Был уже глубокий вечер. Захлопывались и заколачивались стены в домах, с цепей спускались свирепые псы, готовились к бою топоры и двустволки. С каждым часом перемены, происходящие в Букашине становились все разительнее и заметнее. Неожиданно обнаружилось, что подвал, где размещалось карауловское кафе, поднялся выше даже, чем недостроенный небоскреб-гостиница, некоторые улицы разделили глубочайшие расселины, и смельчаки, заглядывавшие туда, уверяли, что видят там проплывающими, подобно облакам, какие-то диковинные пейзажи, города и села.
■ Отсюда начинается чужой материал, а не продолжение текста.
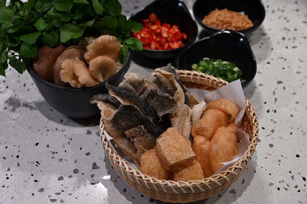 ▲新推的火鍋套餐包括蔬菜籃和炸品,可以吃到每天限量的川龍西洋菜。
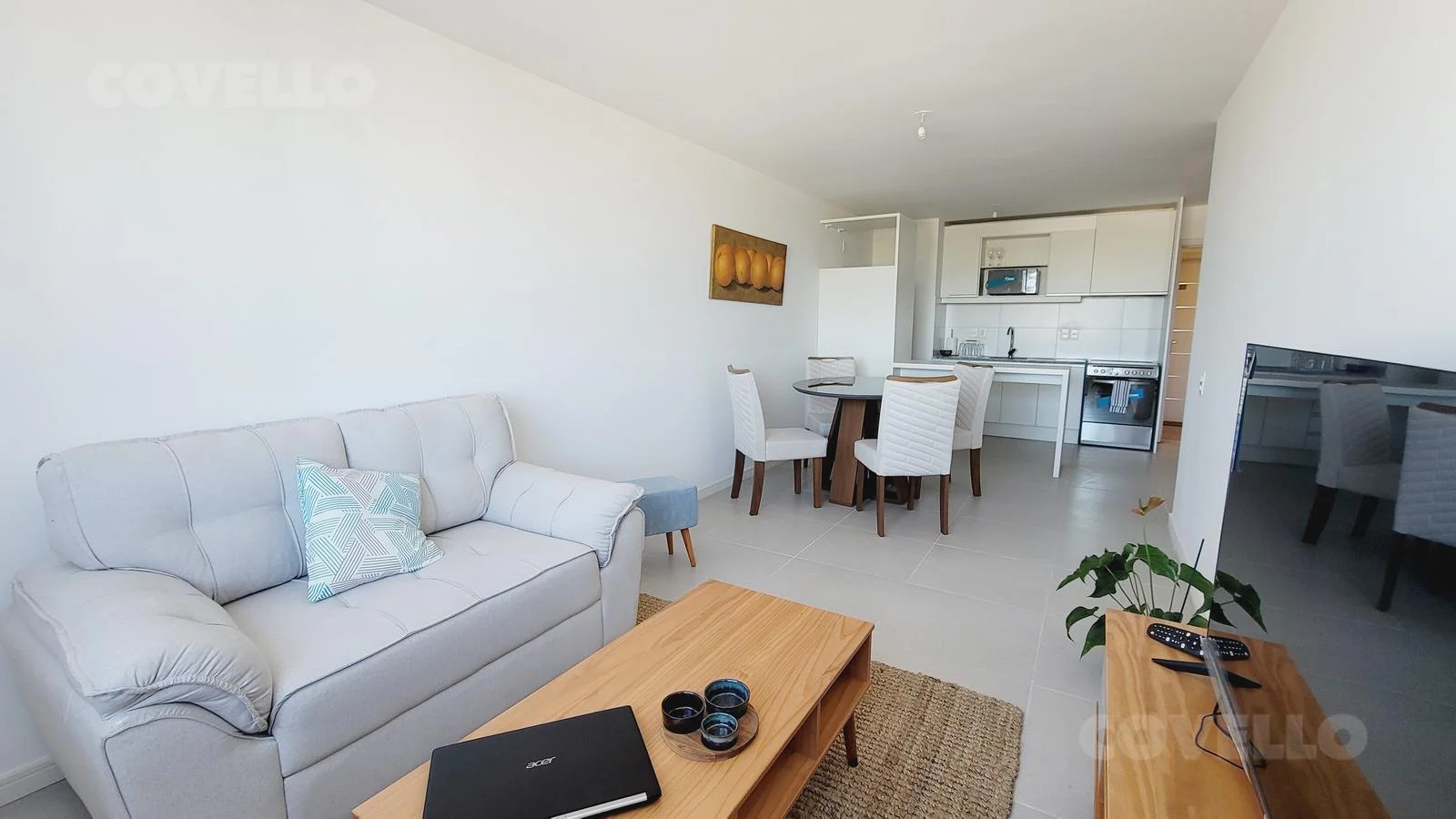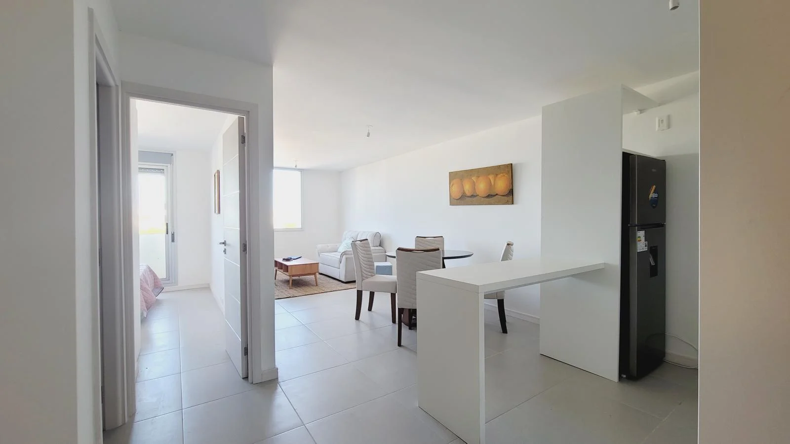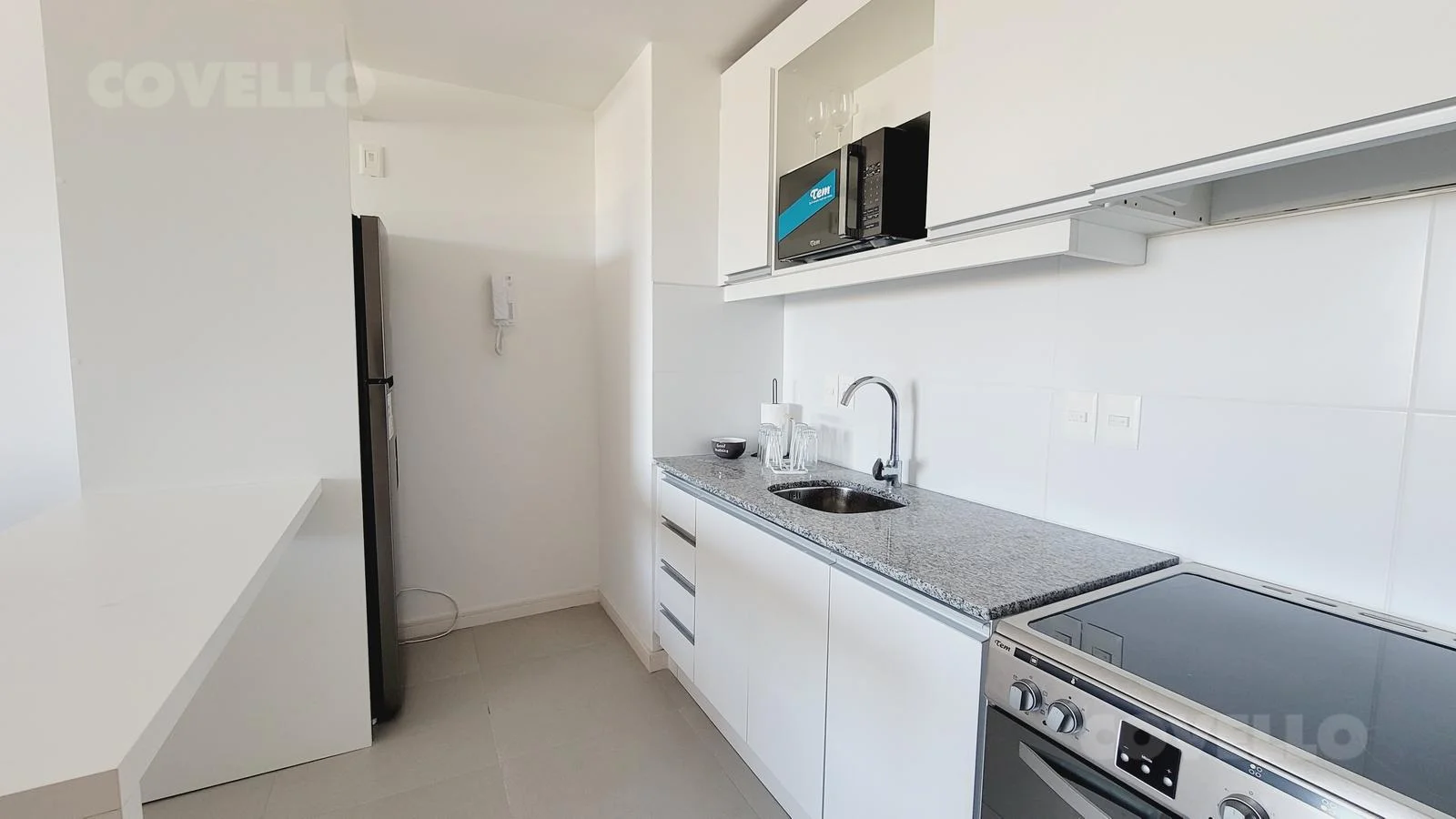 Al ingresar, serás recibido por una cocina integrada, equipada con una elegante mesada de granito y placares tanto bajo como sobre mesada, ofreciendo un espacio funcional y elegante para preparar tus comidas favoritas. El área de cocina se fusiona con el luminoso y espacioso salón-comedor, creando un ambiente acogedor para reuniones familiares o con amigos.

По небу косяками проносились летающие тарелки всех мыслимых видов, типов, форм и размеров, появилось и некоторое время держалось над городом чье-то гигантских размеров лицо, но вскоре рассеялось. Между тем, забыв о времени, Семен сидел в уютной, стариковской квартире Дмитрия Вениаминовича среди древних выцветших карт и старинных книг, пил невероятно душистый чай, который хоть и был по консистенции вязче меда, отчего-то пился весьма хорошо, и как встарь они говорили, спорили, перебивая друг друга и порой весьма ожесточенно, но довольные друг другом от души.
— Прав был твой старичок, — заключил Дмитрий Вениаминович. — «Прободение», вот как это надо было бы именовать. Прободение ноосферы. Или соприкосновение, но первый термин точнее.
— Да что вы такое говорите? — не соглашался Семен. — При чем тут ноосфера?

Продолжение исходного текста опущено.